- Work order -
Repeat every entry exactly. Do not include the pictures.

Exercise data below:

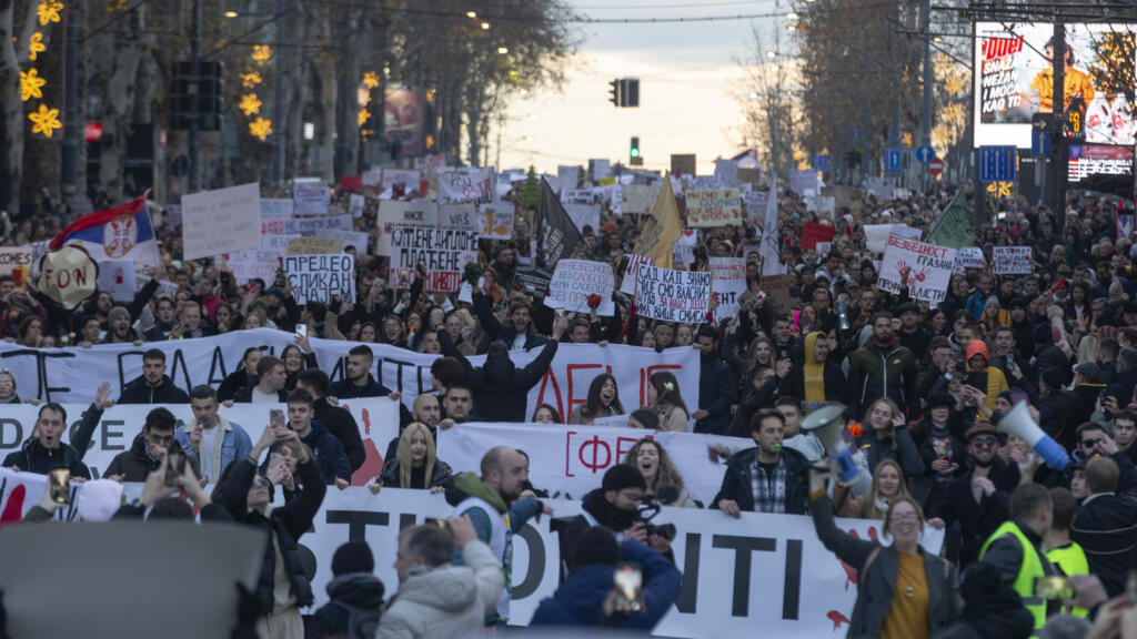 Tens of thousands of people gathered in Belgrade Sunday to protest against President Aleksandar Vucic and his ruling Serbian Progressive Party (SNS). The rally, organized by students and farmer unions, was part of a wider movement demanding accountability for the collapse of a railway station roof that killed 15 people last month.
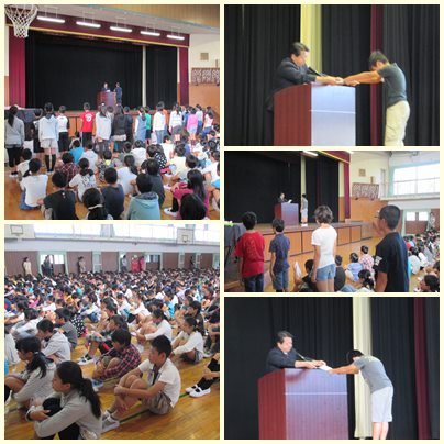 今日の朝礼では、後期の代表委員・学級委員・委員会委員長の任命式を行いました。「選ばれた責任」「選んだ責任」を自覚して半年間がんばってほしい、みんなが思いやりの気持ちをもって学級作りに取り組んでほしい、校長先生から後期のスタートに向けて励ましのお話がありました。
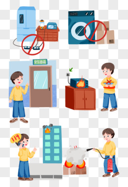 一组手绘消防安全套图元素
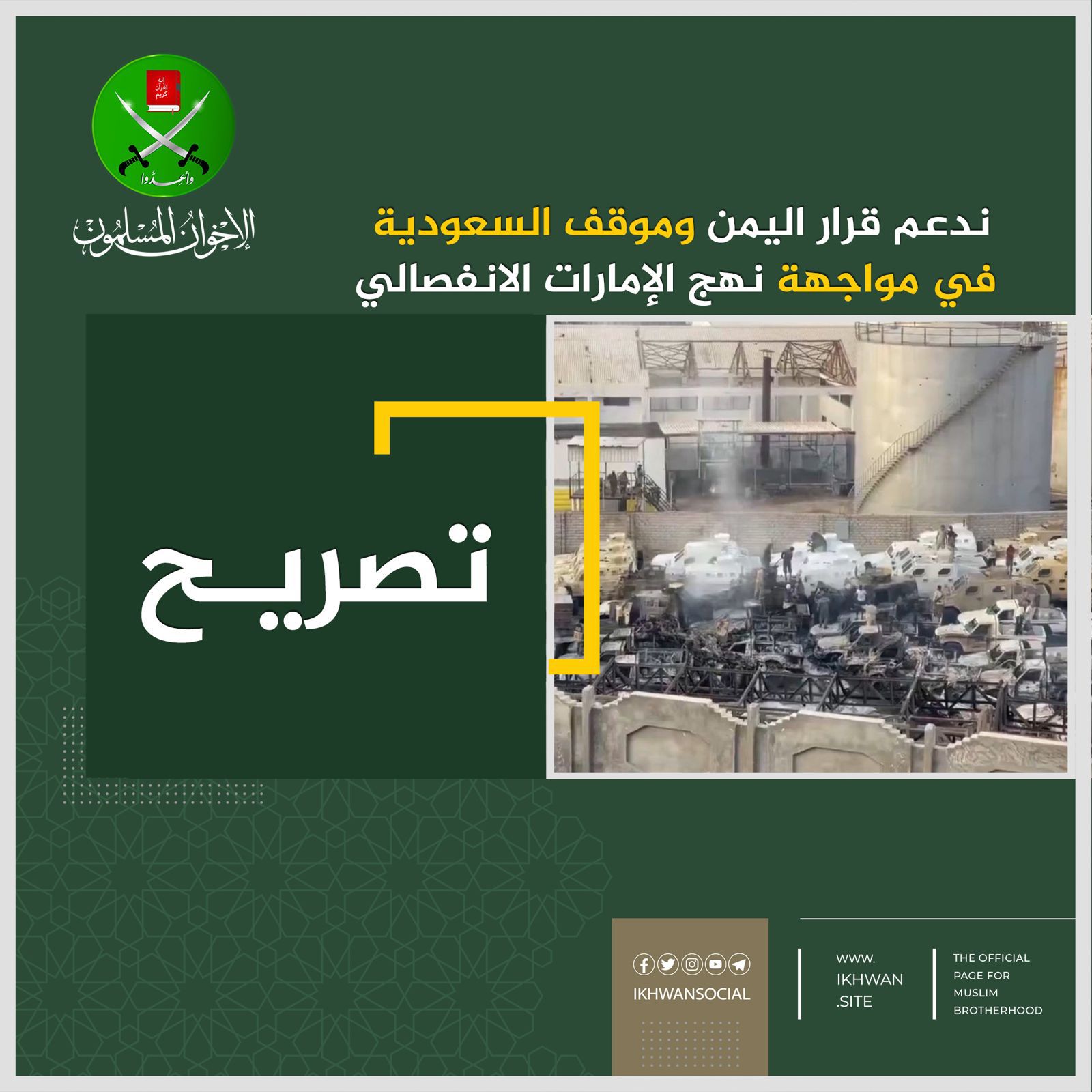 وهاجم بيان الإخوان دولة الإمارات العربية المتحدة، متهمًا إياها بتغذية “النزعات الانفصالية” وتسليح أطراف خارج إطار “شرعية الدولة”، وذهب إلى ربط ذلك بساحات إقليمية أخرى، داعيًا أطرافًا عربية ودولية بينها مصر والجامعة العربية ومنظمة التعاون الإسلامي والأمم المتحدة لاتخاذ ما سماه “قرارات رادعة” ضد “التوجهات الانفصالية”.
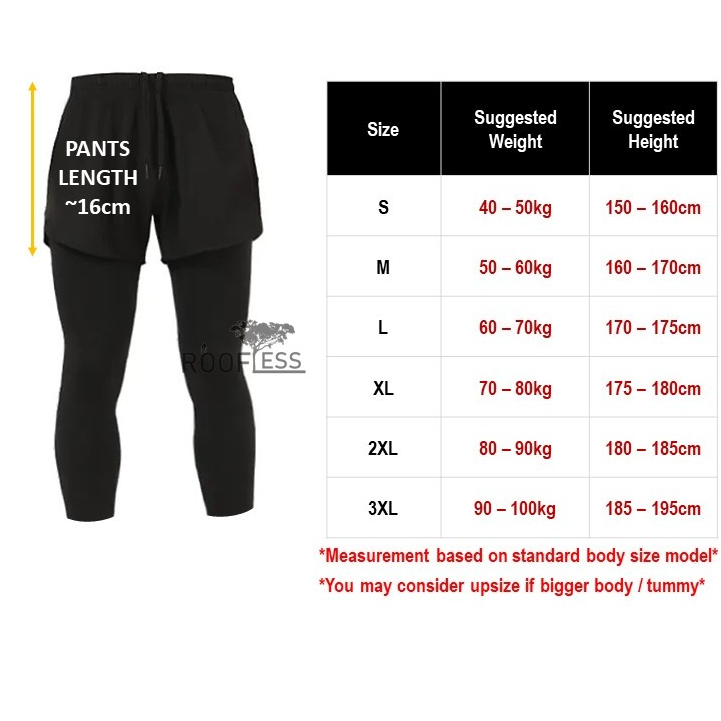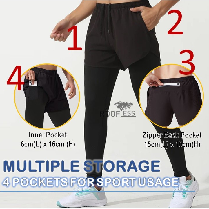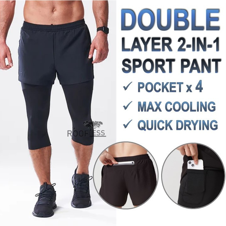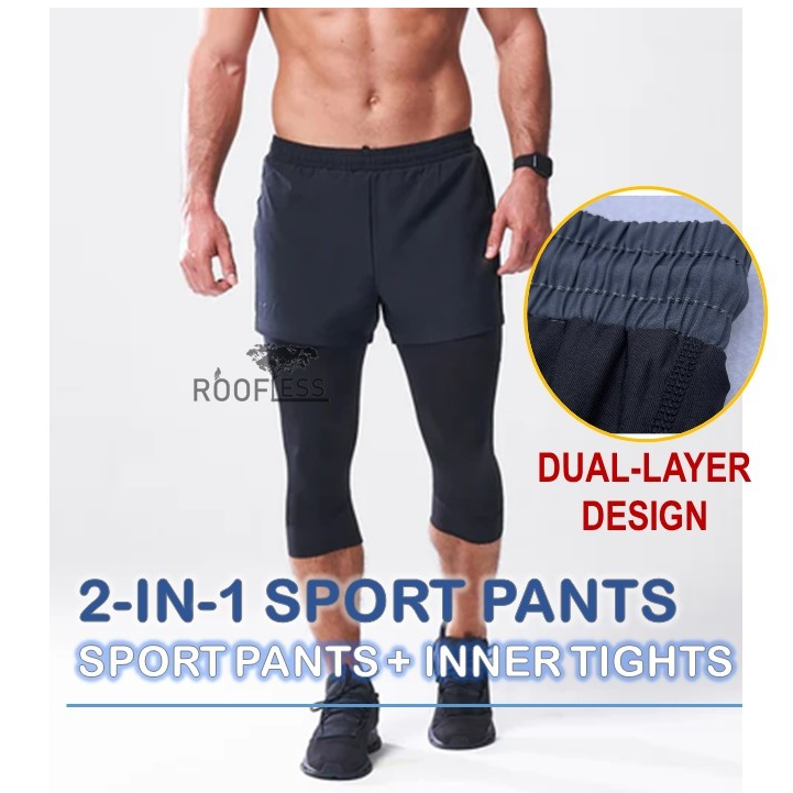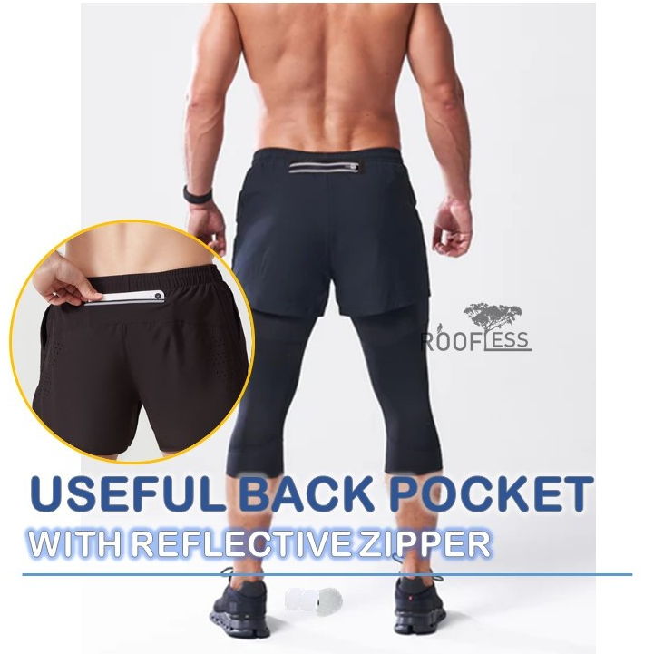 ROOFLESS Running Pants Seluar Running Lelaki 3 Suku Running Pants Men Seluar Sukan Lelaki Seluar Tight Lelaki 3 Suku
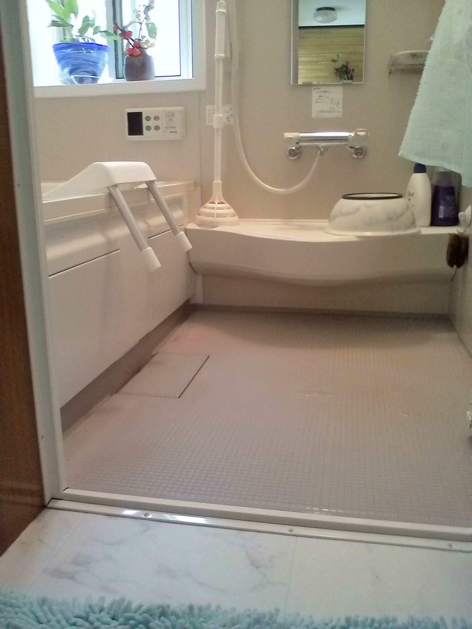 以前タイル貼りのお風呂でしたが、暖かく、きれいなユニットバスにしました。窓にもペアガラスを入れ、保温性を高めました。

End of Exercise data.

- Result for this exercise -
 Tens of thousands of people gathered in Belgrade Sunday to protest against President Aleksandar Vucic and his ruling Serbian Progressive Party (SNS). The rally, organized by students and farmer unions, was part of a wider movement demanding accountability for the collapse of a railway station roof that killed 15 people last month.
 今日の朝礼では、後期の代表委員・学級委員・委員会委員長の任命式を行いました。「選ばれた責任」「選んだ責任」を自覚して半年間がんばってほしい、みんなが思いやりの気持ちをもって学級作りに取り組んでほしい、校長先生から後期のスタートに向けて励ましのお話がありました。
 一组手绘消防安全套图元素
 وهاجم بيان الإخوان دولة الإمارات العربية المتحدة، متهمًا إياها بتغذية “النزعات الانفصالية” وتسليح أطراف خارج إطار “شرعية الدولة”، وذهب إلى ربط ذلك بساحات إقليمية أخرى، داعيًا أطرافًا عربية ودولية بينها مصر والجامعة العربية ومنظمة التعاون الإسلامي والأمم المتحدة لاتخاذ ما سماه “قرارات رادعة” ضد “التوجهات الانفصالية”.
 ROOFLESS Running Pants Seluar Running Lelaki 3 Suku Running Pants Men Seluar Sukan Lelaki Seluar Tight Lelaki 3 Suku
 以前タイル貼りのお風呂でしたが、暖かく、きれいなユニットバスにしました。窓にもペアガラスを入れ、保温性を高めました。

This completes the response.